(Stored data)
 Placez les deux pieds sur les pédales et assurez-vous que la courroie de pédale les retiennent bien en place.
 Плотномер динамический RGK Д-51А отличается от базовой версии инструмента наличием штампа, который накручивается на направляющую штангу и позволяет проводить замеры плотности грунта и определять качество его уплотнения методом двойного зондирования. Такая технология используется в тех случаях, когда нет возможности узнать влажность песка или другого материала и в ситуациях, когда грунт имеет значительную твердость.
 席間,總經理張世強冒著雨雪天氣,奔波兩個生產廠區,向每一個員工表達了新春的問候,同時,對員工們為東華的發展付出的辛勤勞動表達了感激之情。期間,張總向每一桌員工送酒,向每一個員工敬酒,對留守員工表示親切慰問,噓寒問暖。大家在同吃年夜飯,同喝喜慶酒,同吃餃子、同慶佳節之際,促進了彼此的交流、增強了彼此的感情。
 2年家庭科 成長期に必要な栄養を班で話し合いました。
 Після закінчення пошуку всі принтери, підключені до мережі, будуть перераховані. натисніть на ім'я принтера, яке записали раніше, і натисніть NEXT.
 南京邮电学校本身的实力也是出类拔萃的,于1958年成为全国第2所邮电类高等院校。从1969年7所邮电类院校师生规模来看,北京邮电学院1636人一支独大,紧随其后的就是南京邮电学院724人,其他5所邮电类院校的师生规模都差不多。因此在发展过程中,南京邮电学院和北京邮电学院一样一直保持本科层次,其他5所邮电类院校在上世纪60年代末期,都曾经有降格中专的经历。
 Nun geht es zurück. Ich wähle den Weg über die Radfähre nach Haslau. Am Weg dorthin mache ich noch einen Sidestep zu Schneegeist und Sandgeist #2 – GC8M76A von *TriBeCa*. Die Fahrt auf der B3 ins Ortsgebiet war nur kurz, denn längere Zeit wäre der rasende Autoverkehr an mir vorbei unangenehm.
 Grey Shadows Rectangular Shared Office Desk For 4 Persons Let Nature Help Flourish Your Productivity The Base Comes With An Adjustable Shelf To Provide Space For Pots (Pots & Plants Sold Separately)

ACTIVITY: Word-for-word copies of all the records are required.

SOLVED EXERCISE:
 Placez les deux pieds sur les pédales et assurez-vous que la courroie de pédale les retiennent bien en place.
 Плотномер динамический RGK Д-51А отличается от базовой версии инструмента наличием штампа, который накручивается на направляющую штангу и позволяет проводить замеры плотности грунта и определять качество его уплотнения методом двойного зондирования. Такая технология используется в тех случаях, когда нет возможности узнать влажность песка или другого материала и в ситуациях, когда грунт имеет значительную твердость.
 席間,總經理張世強冒著雨雪天氣,奔波兩個生產廠區,向每一個員工表達了新春的問候,同時,對員工們為東華的發展付出的辛勤勞動表達了感激之情。期間,張總向每一桌員工送酒,向每一個員工敬酒,對留守員工表示親切慰問,噓寒問暖。大家在同吃年夜飯,同喝喜慶酒,同吃餃子、同慶佳節之際,促進了彼此的交流、增強了彼此的感情。
 2年家庭科 成長期に必要な栄養を班で話し合いました。
 Після закінчення пошуку всі принтери, підключені до мережі, будуть перераховані. натисніть на ім'я принтера, яке записали раніше, і натисніть NEXT.
 南京邮电学校本身的实力也是出类拔萃的,于1958年成为全国第2所邮电类高等院校。从1969年7所邮电类院校师生规模来看,北京邮电学院1636人一支独大,紧随其后的就是南京邮电学院724人,其他5所邮电类院校的师生规模都差不多。因此在发展过程中,南京邮电学院和北京邮电学院一样一直保持本科层次,其他5所邮电类院校在上世纪60年代末期,都曾经有降格中专的经历。
 Nun geht es zurück. Ich wähle den Weg über die Radfähre nach Haslau. Am Weg dorthin mache ich noch einen Sidestep zu Schneegeist und Sandgeist #2 – GC8M76A von *TriBeCa*. Die Fahrt auf der B3 ins Ortsgebiet war nur kurz, denn längere Zeit wäre der rasende Autoverkehr an mir vorbei unangenehm.
 Grey Shadows Rectangular Shared Office Desk For 4 Persons Let Nature Help Flourish Your Productivity The Base Comes With An Adjustable Shelf To Provide Space For Pots (Pots & Plants Sold Separately)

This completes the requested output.